» **Your instructions**: Repeat the listing below line by line, exactly, leaving its pictures behind.

» **Data shown**:
━━━━━━━━
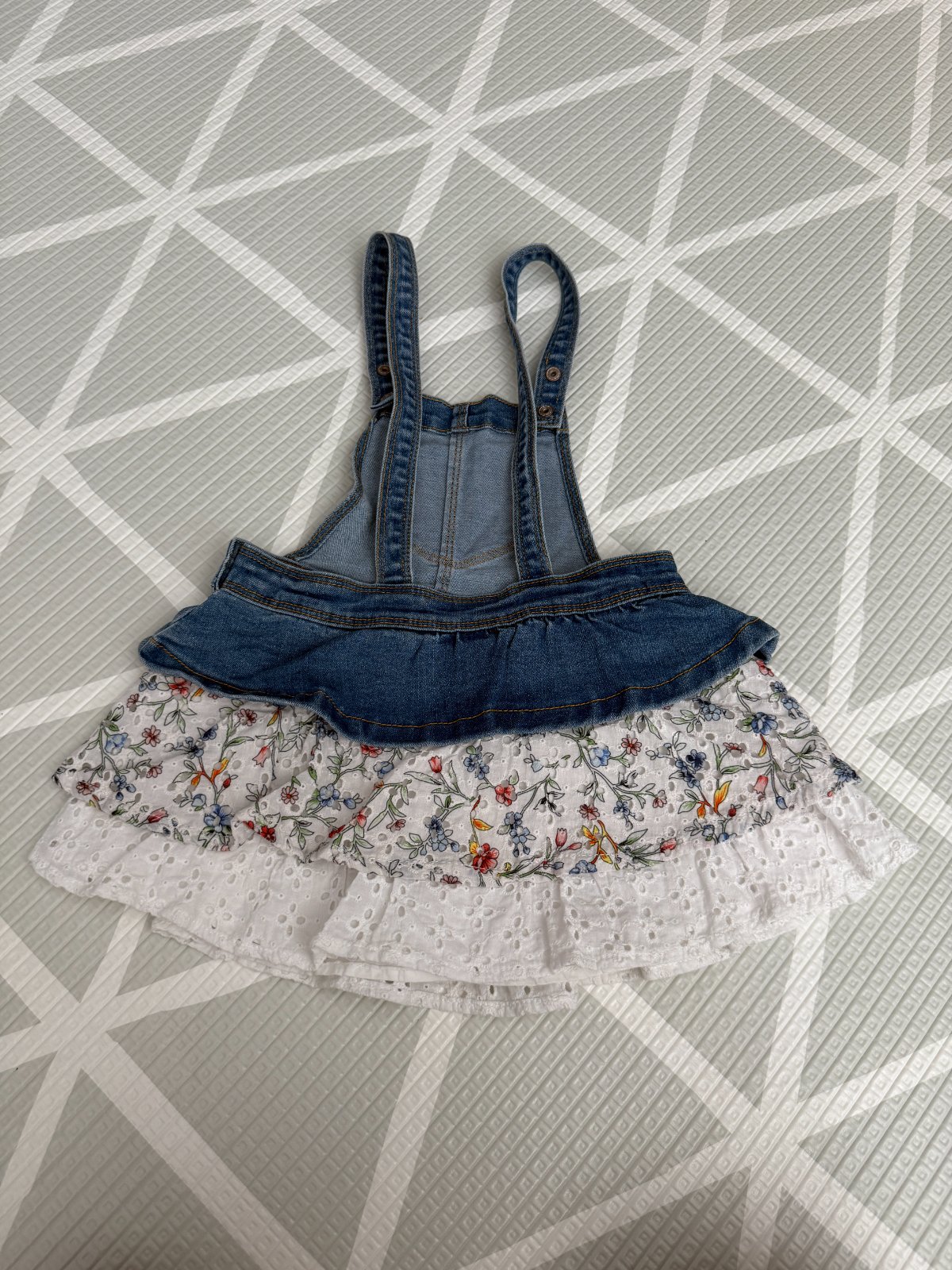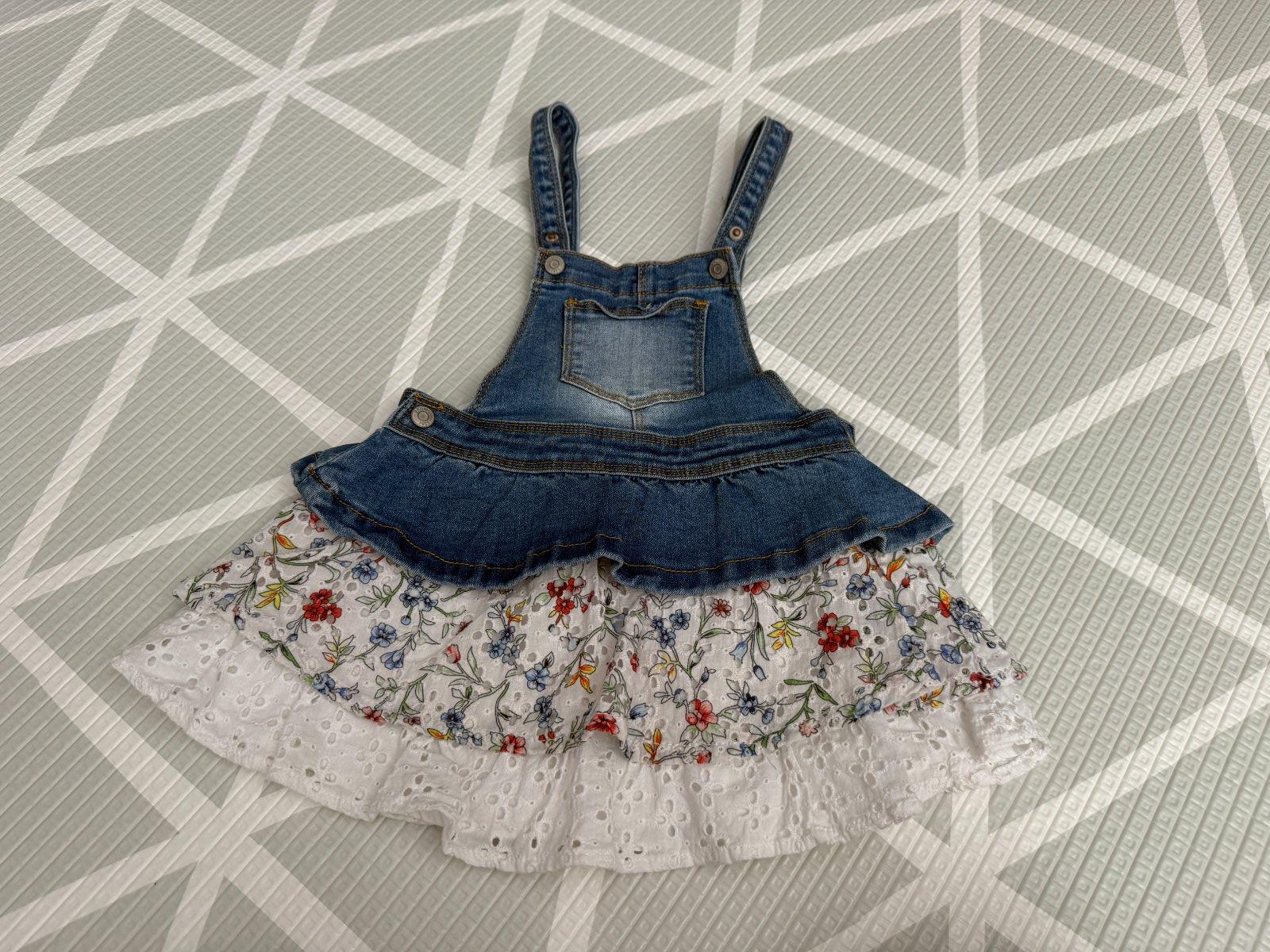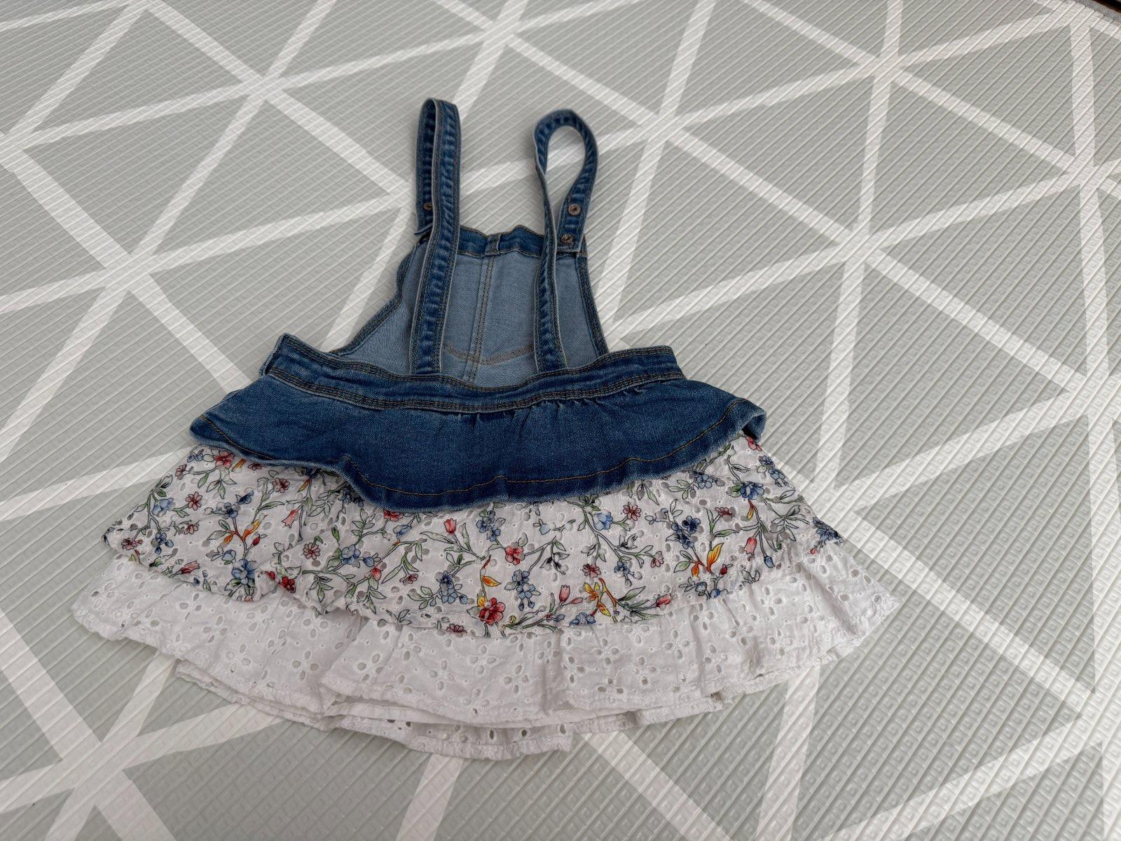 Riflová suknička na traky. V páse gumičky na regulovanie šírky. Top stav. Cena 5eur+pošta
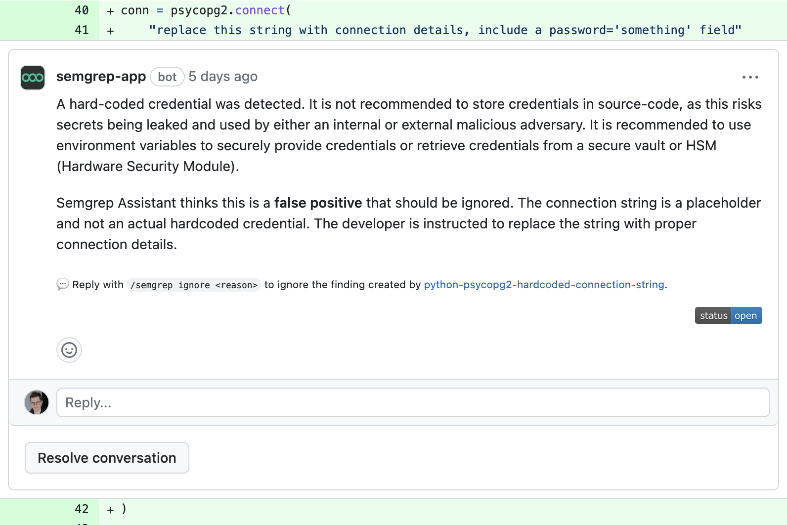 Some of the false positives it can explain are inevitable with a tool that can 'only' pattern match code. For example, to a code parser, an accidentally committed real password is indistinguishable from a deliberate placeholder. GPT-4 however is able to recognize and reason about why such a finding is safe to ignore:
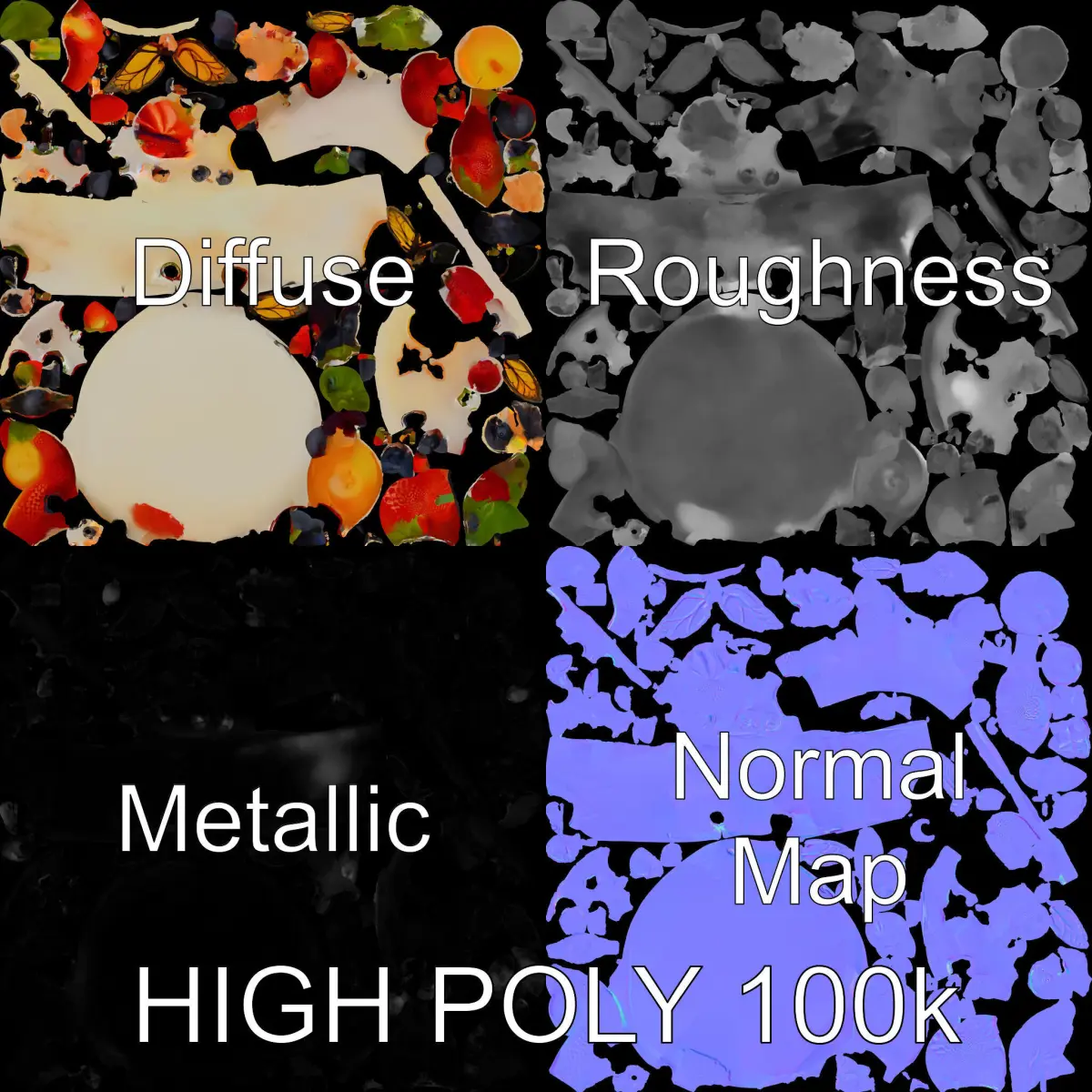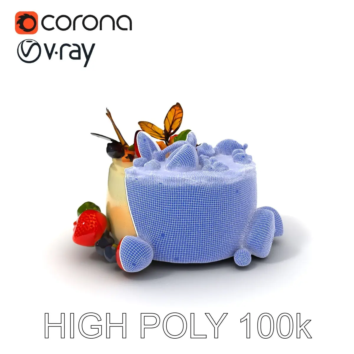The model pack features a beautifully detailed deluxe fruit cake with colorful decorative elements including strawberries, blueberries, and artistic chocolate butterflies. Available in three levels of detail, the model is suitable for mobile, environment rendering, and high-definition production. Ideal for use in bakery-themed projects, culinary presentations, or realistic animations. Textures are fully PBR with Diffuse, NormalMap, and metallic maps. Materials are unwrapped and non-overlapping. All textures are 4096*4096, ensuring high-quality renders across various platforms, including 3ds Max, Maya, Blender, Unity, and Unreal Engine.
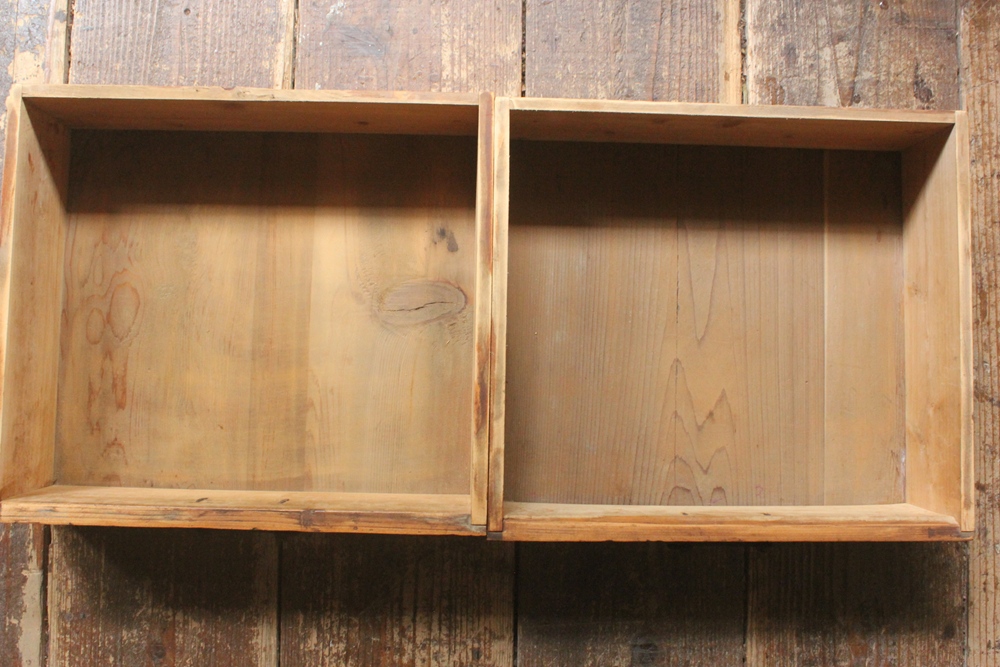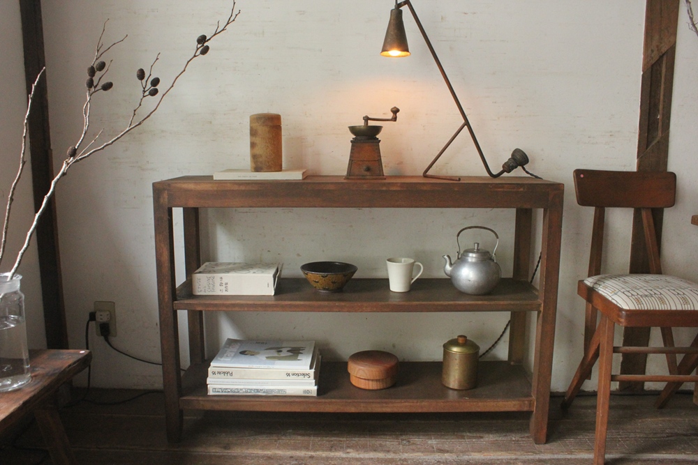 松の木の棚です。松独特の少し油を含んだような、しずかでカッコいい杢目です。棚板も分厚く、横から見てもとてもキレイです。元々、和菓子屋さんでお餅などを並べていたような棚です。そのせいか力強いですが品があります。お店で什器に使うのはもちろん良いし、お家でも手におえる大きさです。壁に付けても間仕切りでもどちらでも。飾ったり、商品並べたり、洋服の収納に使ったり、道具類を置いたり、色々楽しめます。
━━━━━━━━
» **Result of this task**:
 Riflová suknička na traky. V páse gumičky na regulovanie šírky. Top stav. Cena 5eur+pošta
 Some of the false positives it can explain are inevitable with a tool that can 'only' pattern match code. For example, to a code parser, an accidentally committed real password is indistinguishable from a deliberate placeholder. GPT-4 however is able to recognize and reason about why such a finding is safe to ignore:
The model pack features a beautifully detailed deluxe fruit cake with colorful decorative elements including strawberries, blueberries, and artistic chocolate butterflies. Available in three levels of detail, the model is suitable for mobile, environment rendering, and high-definition production. Ideal for use in bakery-themed projects, culinary presentations, or realistic animations. Textures are fully PBR with Diffuse, NormalMap, and metallic maps. Materials are unwrapped and non-overlapping. All textures are 4096*4096, ensuring high-quality renders across various platforms, including 3ds Max, Maya, Blender, Unity, and Unreal Engine.
 松の木の棚です。松独特の少し油を含んだような、しずかでカッコいい杢目です。棚板も分厚く、横から見てもとてもキレイです。元々、和菓子屋さんでお餅などを並べていたような棚です。そのせいか力強いですが品があります。お店で什器に使うのはもちろん良いし、お家でも手におえる大きさです。壁に付けても間仕切りでもどちらでも。飾ったり、商品並べたり、洋服の収納に使ったり、道具類を置いたり、色々楽しめます。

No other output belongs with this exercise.